## EXERCISE INSTRUCTIONS
Drop all images. Then write out each line below exactly as given.

## SUPPLIED DATA
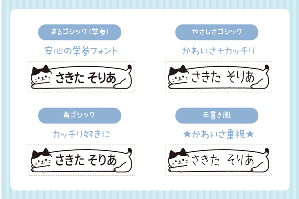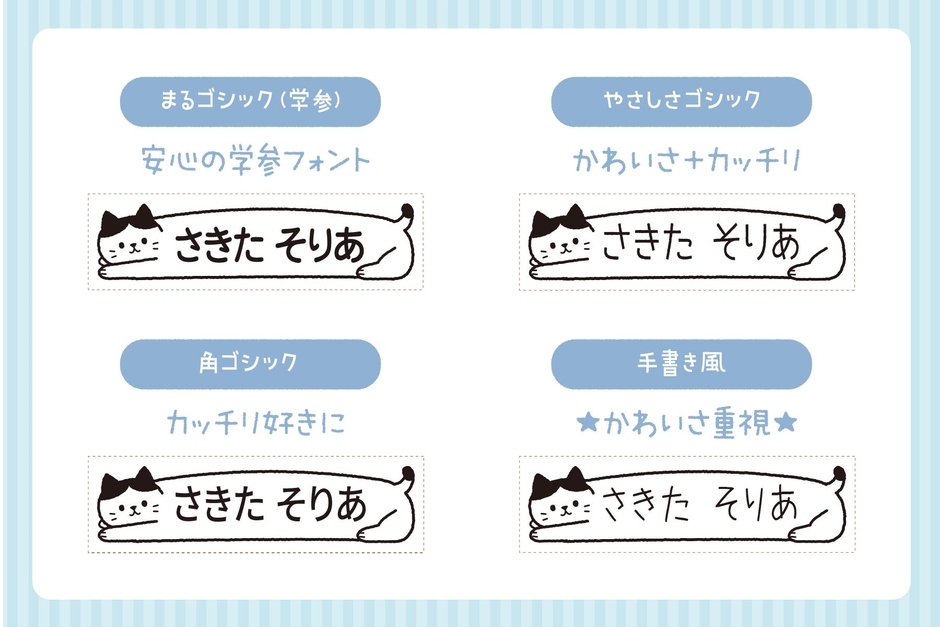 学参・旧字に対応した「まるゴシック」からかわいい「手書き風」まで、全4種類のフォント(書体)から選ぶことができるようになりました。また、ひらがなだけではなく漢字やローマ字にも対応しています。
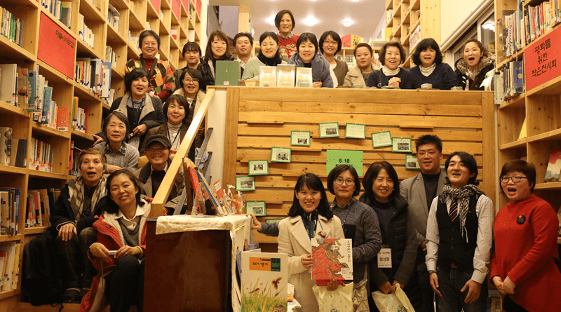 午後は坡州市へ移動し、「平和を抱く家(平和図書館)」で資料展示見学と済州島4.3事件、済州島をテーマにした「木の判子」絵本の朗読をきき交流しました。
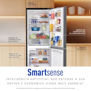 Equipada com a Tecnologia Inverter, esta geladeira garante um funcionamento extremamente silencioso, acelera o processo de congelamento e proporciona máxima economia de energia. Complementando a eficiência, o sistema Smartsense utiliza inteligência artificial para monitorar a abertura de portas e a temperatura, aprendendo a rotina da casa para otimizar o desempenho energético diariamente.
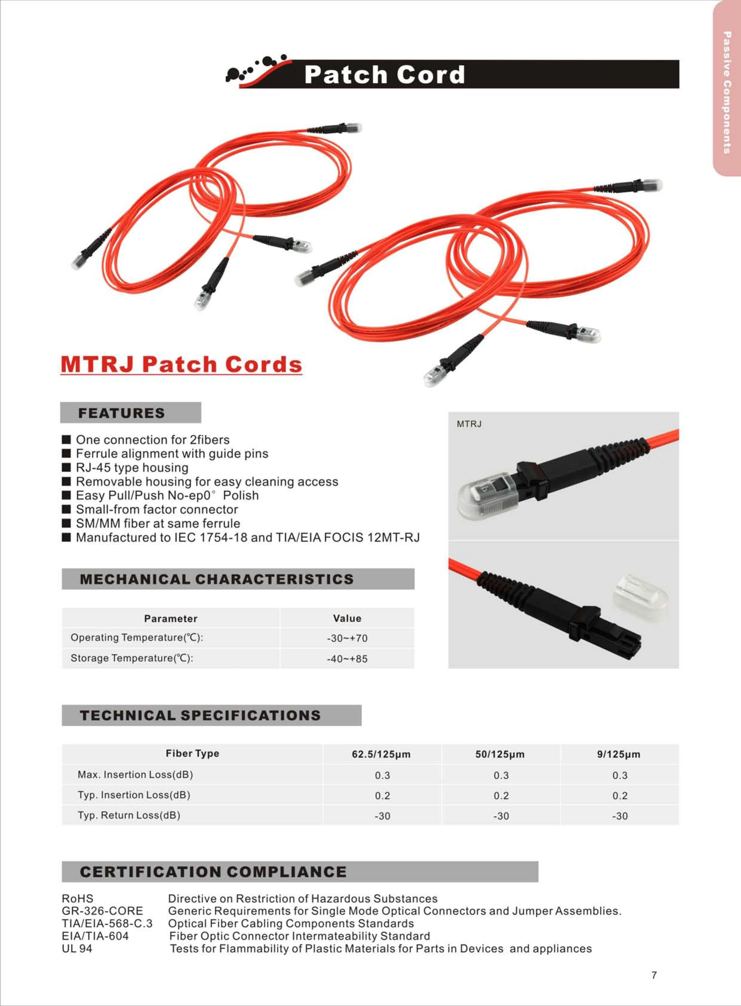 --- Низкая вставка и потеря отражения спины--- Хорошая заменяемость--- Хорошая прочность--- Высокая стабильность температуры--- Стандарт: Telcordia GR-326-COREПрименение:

## ANSWER SECTION
 学参・旧字に対応した「まるゴシック」からかわいい「手書き風」まで、全4種類のフォント(書体)から選ぶことができるようになりました。また、ひらがなだけではなく漢字やローマ字にも対応しています。
 午後は坡州市へ移動し、「平和を抱く家(平和図書館)」で資料展示見学と済州島4.3事件、済州島をテーマにした「木の判子」絵本の朗読をきき交流しました。
 Equipada com a Tecnologia Inverter, esta geladeira garante um funcionamento extremamente silencioso, acelera o processo de congelamento e proporciona máxima economia de energia. Complementando a eficiência, o sistema Smartsense utiliza inteligência artificial para monitorar a abertura de portas e a temperatura, aprendendo a rotina da casa para otimizar o desempenho energético diariamente.
 --- Низкая вставка и потеря отражения спины--- Хорошая заменяемость--- Хорошая прочность--- Высокая стабильность температуры--- Стандарт: Telcordia GR-326-COREПрименение:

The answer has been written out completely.